"Tidak, biasanya kalian selalu berdua, 'kan?"

"Hei, mereka bukan pasangan jadi wajar saja tidak selalu bersama," tukas Winwin.

"Bukan itu, bodoh." Saeron kembali menatap Dejun setelah menjitak kepala Winwin. "Bukan karena Diva, 'kan?"

Dejun semakin mengerut takpaham. "Apa maksudmu?"

"Rumor tentang gadis itu benar, sepertinya dia menyukaimu setelah putus dengan Jungwoo."

"Jungwoo, siapa?"

"Anak Teknik yang terkenal itu," sahut Yangyang. "Dari mana kau tahu Diva mengincar Dejun?"

"Jelas sekali, bukan? Pada semester ini, dia mengikuti dua mata kuliah peminat yang sama dengan Dejun!"

"Hei, kenapa kalian serasi sekali urusan gosip?" Winwin melempar bungkus roti selai ke arah mereka.

"Sialan!" umpat Saeron. "Tapi aku serius, Jun. Ada satu hal yang lebih meyakinkanku lagi; aku melihatnya menghampiri Kinar di perpustakaan waktu itu."

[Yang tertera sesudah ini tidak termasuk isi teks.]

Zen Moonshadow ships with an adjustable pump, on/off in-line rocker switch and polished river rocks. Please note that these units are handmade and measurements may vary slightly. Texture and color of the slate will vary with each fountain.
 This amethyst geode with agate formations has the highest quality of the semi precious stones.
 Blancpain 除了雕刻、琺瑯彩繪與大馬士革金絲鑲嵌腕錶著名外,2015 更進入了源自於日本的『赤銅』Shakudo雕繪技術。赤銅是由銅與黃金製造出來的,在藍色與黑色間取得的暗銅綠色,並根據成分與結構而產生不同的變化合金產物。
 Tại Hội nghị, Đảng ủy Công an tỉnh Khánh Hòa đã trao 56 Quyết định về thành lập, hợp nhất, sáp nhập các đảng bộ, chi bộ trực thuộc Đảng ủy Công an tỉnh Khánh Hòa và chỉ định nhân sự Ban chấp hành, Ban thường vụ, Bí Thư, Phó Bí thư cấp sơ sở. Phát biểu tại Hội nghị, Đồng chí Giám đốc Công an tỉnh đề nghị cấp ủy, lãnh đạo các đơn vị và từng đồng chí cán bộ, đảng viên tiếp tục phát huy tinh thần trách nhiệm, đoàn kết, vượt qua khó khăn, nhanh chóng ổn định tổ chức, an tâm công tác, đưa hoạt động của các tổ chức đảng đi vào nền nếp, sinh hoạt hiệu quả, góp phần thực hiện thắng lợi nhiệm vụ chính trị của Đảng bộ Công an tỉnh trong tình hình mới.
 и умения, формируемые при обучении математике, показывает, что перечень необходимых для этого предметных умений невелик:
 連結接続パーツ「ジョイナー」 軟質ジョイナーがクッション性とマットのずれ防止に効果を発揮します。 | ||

"Kapan?" tanya Dejun. Ia bahkan sudah tidak bernafsu dengan makanan di depannya karena pikiran seputar Kinar langsung memenuhi kepalanya.

"Aku lupa, tapi aku ingat dan tidak mungkin salah lihat. Mereka bercakap serius."

Dejun menghela napas kasar, kemudian beranjak pergi dari meja itu. Meninggalkan ketiga orang yang kini saling bertatapan dan menyalahkan satu sama lain karena membahas persoalan itu. Langkah tungkainya mengarah pada toilet pria di pojok lobi. Sengaja ia masuk ke situ karena sepi. Ia mencuci tangannya cukup lama karena pikirannya terus melayang pada kejadian semalam.

Masih tercetak jelas dalam ingatannya tentang bagaimana Kinar meracau semalam. Iya, Dejun mendengar racauan itu berulang-ulang. Begitu Saeron menghubunginya, Dejun langsung berhambur ke lobi kosan dan menggendong Kinar menuju kamar di lantai tiga. Ia menjatuhkan gadis itu perlahan di kasur setelah melempar tas di lantai. Memasang kaus kaki di telapak kaki Kinar yang dingin, lantas menutup tubuh gadis itu dengan selimut bulu sebatas leher. Dejun kemudian merapikan rambut gadis itu sesaat.

"Siapa yang menganggapmu beban, bodoh? Kau sungguh tidak peka. Apa perasaan yang kutunjukkan selama ini masih tidak jelas? Kenapa kau justru berpikir demikian?" balas Dejun sebelum menyalakan lampu meja di atas nakas. Cowok itu kemudian keluar kamar setelah mematikan lampu utama. Ia turun, kembali ke kamarnya yang berada di pojok kanan di lantai dua.

•••

Biasanya, Kinar hanya perlu berjalan santai dari kosan menuju kampus karena jaraknya cukup dekat. Kali ini, ia harus berlari sebelum terlambat ujian lagi. Namun, sepertinya harapan untuk tiba di kampus lebih cepat tidak terwujud saat gadis itu tiba-tiba menangkap bayang Hendery yang berdiri tegak di dekat lampu lalu lintas. Cowok itu berdiri tenang di antara orang-orang lainnya seolah menunggu gilirannya berjalan. Kinar refleks menutupi wajahnya dan mengendap-endap agar Hendery tidak menyadari keberadaannya.

Sayang, sepertinya firasat hantu lebih peka dari yang Kinar kira.

"Hei, kau lagi!" sapa Hendery ceria.

Kinar bahkan tak menoleh, ia justru menutup dua telinganya sambil memejam. "Kau kenapa? Masih pusing?"

Lampu hijau menyala, membawa tungkai Kinar berjalan seketika tanpa melirik Hendery sama sekali.

"Kenapa kau diam saja? Halo, spada!" Cowok itu melambaikan tangan di depan wajah Kinar. Membuatnya berhenti dan menghentakkan kaki tidak sabar. Kinar melirik Hendery tajam.

"Nara, kau seharusnya berterima kasih padaku yang menemani perjalanan pulangmu semalam!"

"Apa? Berterima kasih?" Kinar mendengkus takpercaya. "Sudahlah. Aku tidak mau dianggap gila karena berbicara sendiri!"